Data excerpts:
================

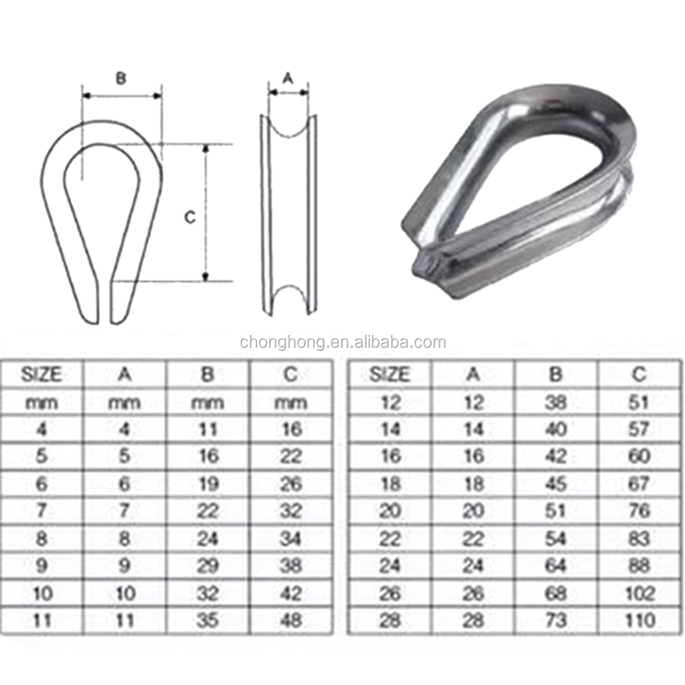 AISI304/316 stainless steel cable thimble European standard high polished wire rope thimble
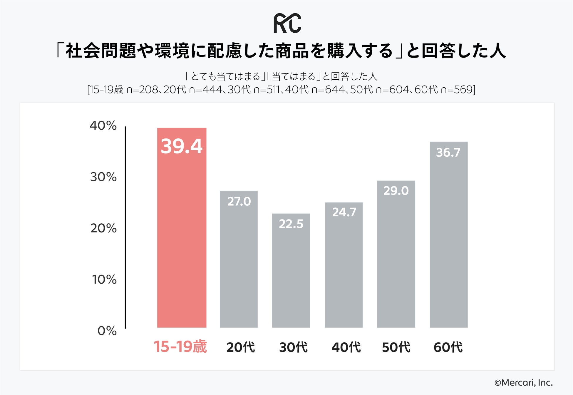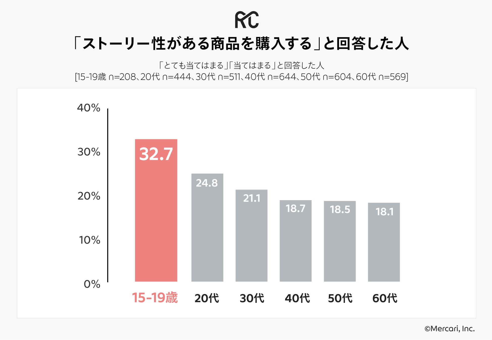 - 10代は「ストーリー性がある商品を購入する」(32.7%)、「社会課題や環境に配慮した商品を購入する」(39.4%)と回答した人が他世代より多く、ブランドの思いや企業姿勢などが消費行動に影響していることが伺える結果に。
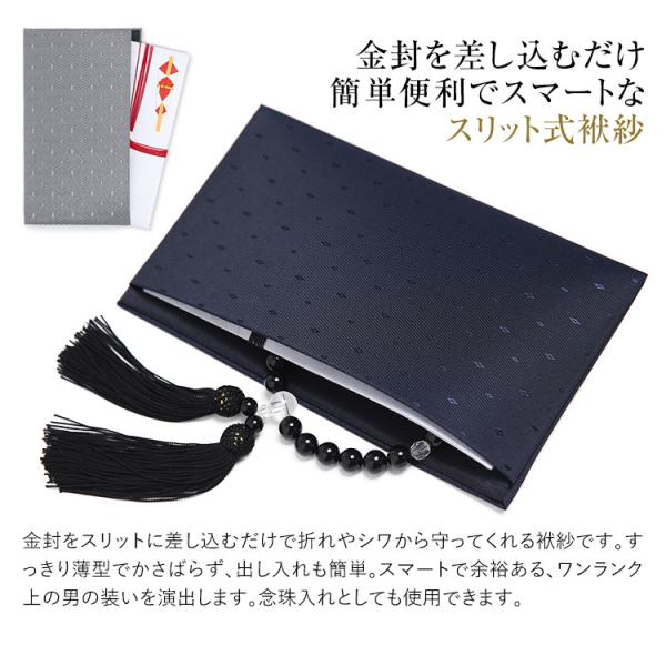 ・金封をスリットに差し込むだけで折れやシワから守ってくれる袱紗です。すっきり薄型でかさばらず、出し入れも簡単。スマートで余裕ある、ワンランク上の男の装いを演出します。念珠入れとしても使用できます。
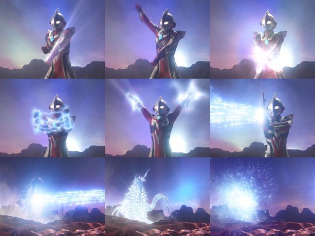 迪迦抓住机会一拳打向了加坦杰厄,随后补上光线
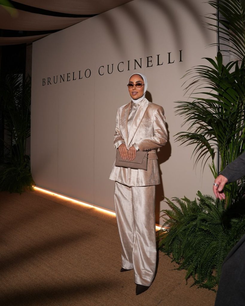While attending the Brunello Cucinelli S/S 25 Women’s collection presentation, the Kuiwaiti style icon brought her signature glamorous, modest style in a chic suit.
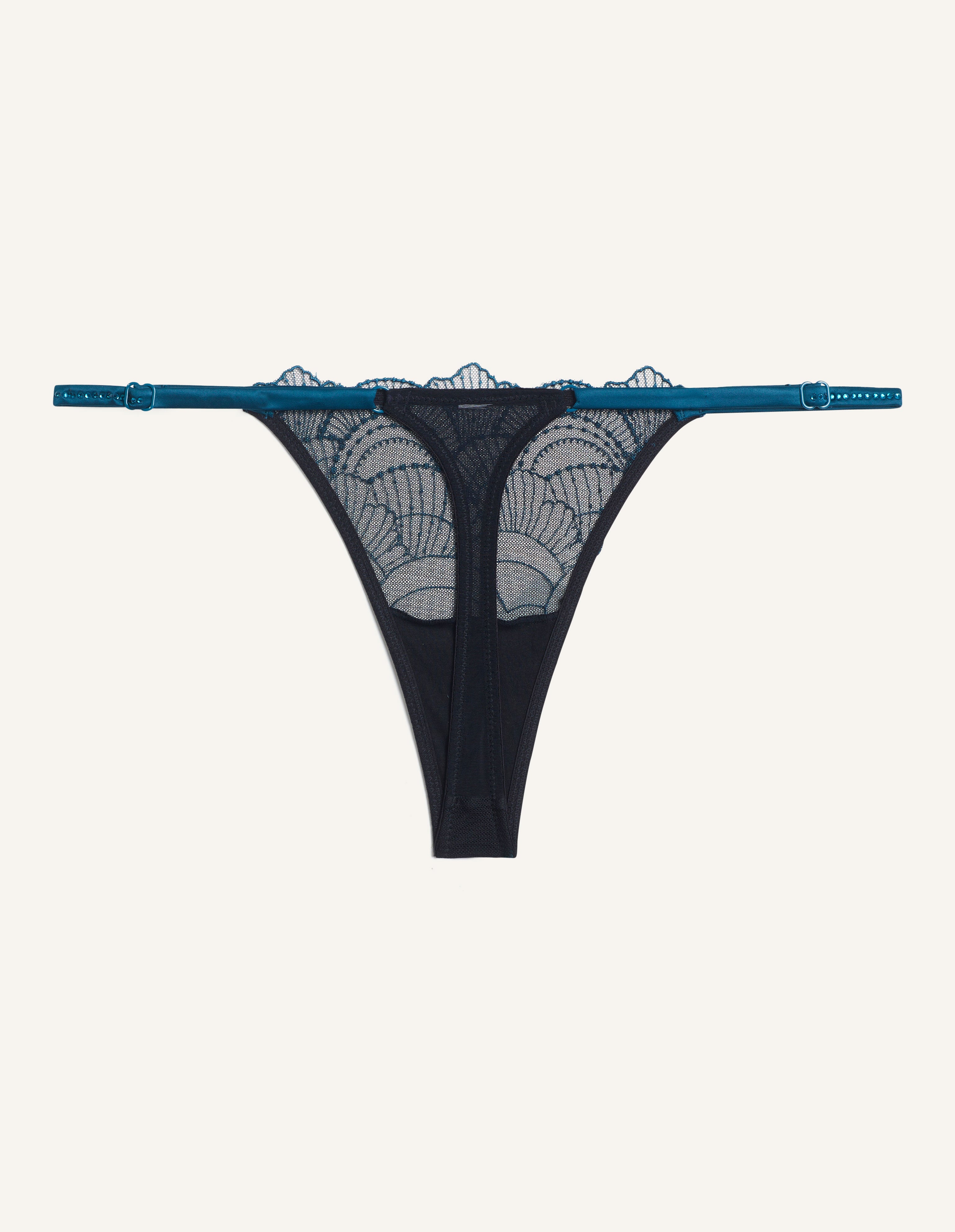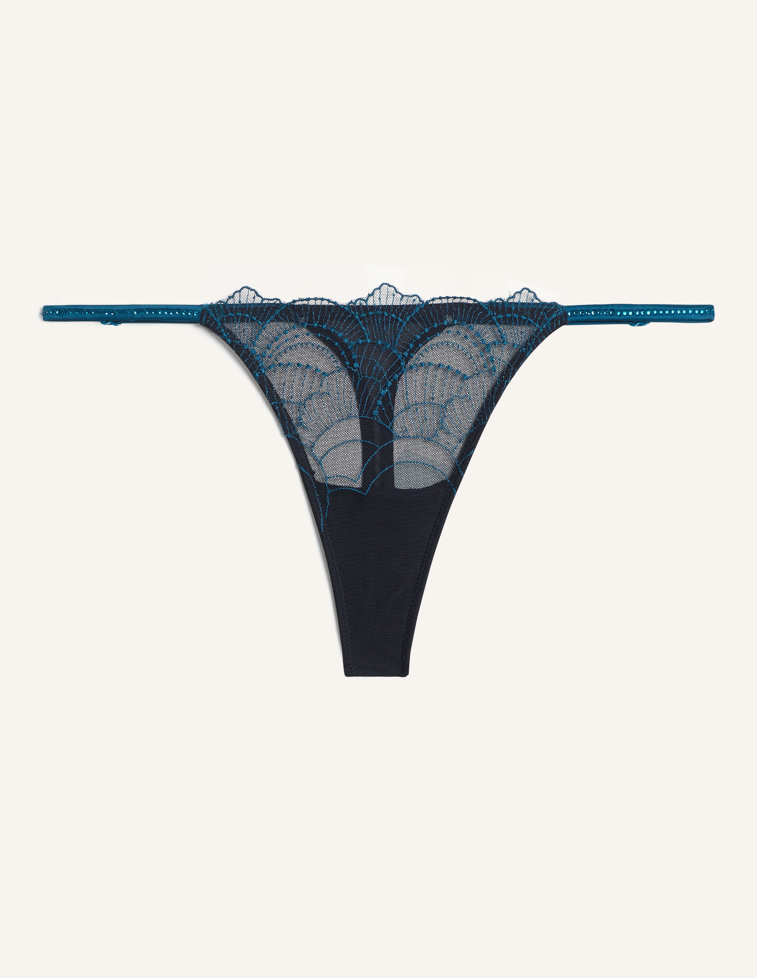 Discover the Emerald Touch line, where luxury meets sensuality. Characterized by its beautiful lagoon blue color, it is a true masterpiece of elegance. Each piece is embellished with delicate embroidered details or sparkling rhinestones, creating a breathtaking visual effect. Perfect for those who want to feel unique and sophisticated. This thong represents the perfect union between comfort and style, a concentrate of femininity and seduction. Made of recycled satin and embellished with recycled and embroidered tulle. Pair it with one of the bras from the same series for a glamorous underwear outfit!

================

WHAT THE TASK REQUIRES
Leave out all pictures and retype precisely the lines that run from the line containing "While attending the" to the last line of the records.

ANSWER TO THE EXERCISE
While attending the Brunello Cucinelli S/S 25 Women’s collection presentation, the Kuiwaiti style icon brought her signature glamorous, modest style in a chic suit.
 Discover the Emerald Touch line, where luxury meets sensuality. Characterized by its beautiful lagoon blue color, it is a true masterpiece of elegance. Each piece is embellished with delicate embroidered details or sparkling rhinestones, creating a breathtaking visual effect. Perfect for those who want to feel unique and sophisticated. This thong represents the perfect union between comfort and style, a concentrate of femininity and seduction. Made of recycled satin and embellished with recycled and embroidered tulle. Pair it with one of the bras from the same series for a glamorous underwear outfit!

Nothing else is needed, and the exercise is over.